(Items listed in a dataset)
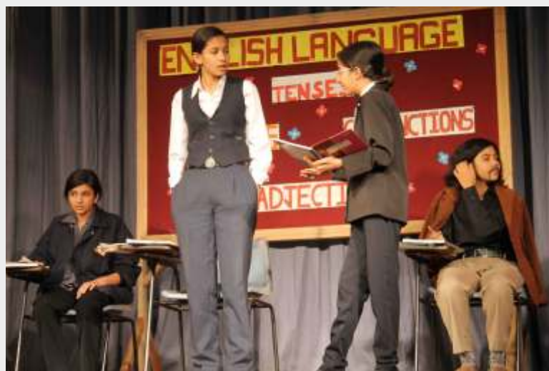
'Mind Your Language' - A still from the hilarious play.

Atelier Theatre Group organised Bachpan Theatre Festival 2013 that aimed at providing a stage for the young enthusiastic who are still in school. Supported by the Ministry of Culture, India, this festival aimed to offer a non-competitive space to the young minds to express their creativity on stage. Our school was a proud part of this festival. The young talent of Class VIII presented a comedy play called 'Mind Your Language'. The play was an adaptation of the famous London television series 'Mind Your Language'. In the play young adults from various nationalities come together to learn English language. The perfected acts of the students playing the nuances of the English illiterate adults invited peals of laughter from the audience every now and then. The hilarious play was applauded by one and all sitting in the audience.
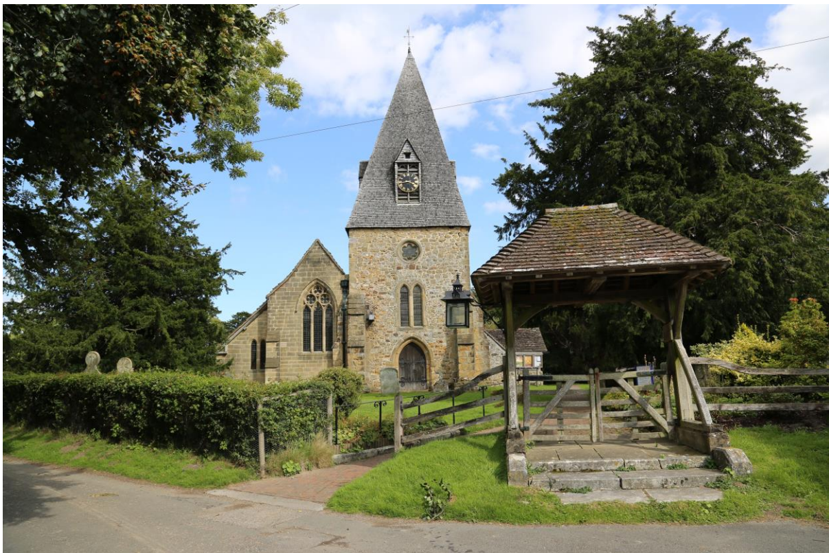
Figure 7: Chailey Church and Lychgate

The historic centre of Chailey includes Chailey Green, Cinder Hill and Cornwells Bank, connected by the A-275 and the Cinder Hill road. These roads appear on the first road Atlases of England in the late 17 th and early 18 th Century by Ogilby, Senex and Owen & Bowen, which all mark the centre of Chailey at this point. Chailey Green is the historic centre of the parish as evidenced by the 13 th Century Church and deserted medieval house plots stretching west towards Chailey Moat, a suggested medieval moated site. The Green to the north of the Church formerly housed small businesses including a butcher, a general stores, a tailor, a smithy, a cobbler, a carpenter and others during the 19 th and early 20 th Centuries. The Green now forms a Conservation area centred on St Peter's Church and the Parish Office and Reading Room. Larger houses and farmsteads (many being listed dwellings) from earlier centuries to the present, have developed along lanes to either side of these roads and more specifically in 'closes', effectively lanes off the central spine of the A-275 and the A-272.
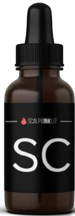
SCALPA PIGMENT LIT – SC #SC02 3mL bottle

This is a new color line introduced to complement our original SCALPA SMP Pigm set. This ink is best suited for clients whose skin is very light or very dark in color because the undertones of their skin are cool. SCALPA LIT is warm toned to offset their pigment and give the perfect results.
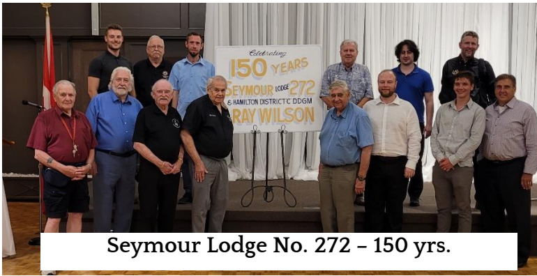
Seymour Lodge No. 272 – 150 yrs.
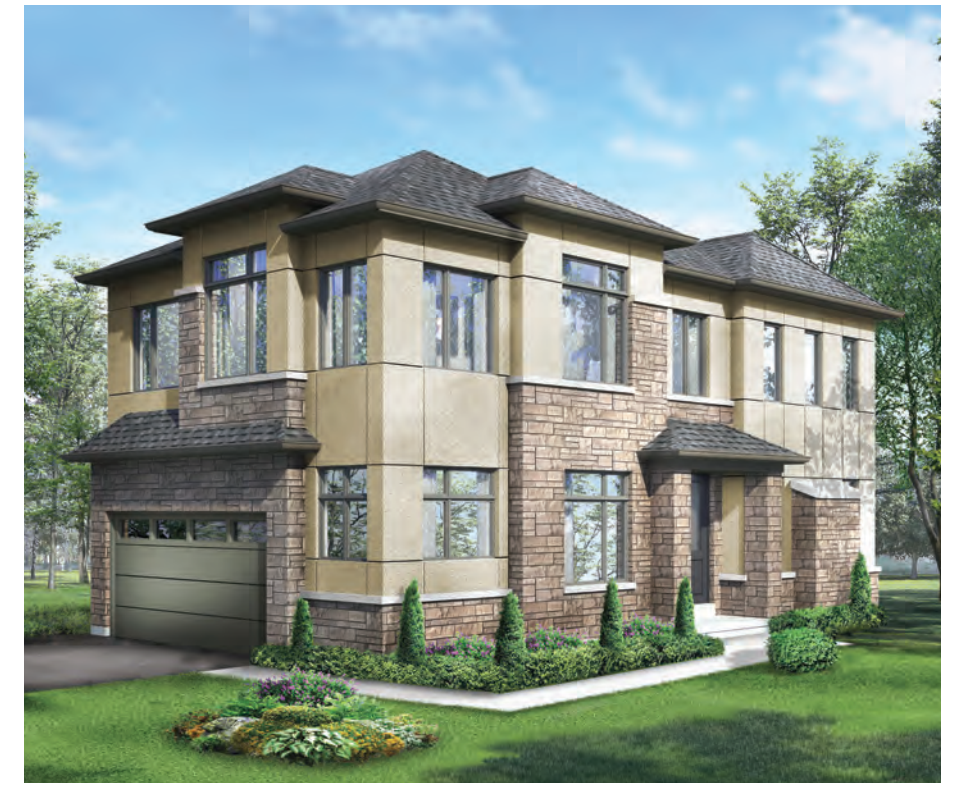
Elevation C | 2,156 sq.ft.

> **What is needed**
Where the word "SCALPA" occurs in a line of the records, copy that line.

> **Exercise output**
SCALPA PIGMENT LIT – SC #SC02 3mL bottle
This is a new color line introduced to complement our original SCALPA SMP Pigm set. This ink is best suited for clients whose skin is very light or very dark in color because the undertones of their skin are cool. SCALPA LIT is warm toned to offset their pigment and give the perfect results.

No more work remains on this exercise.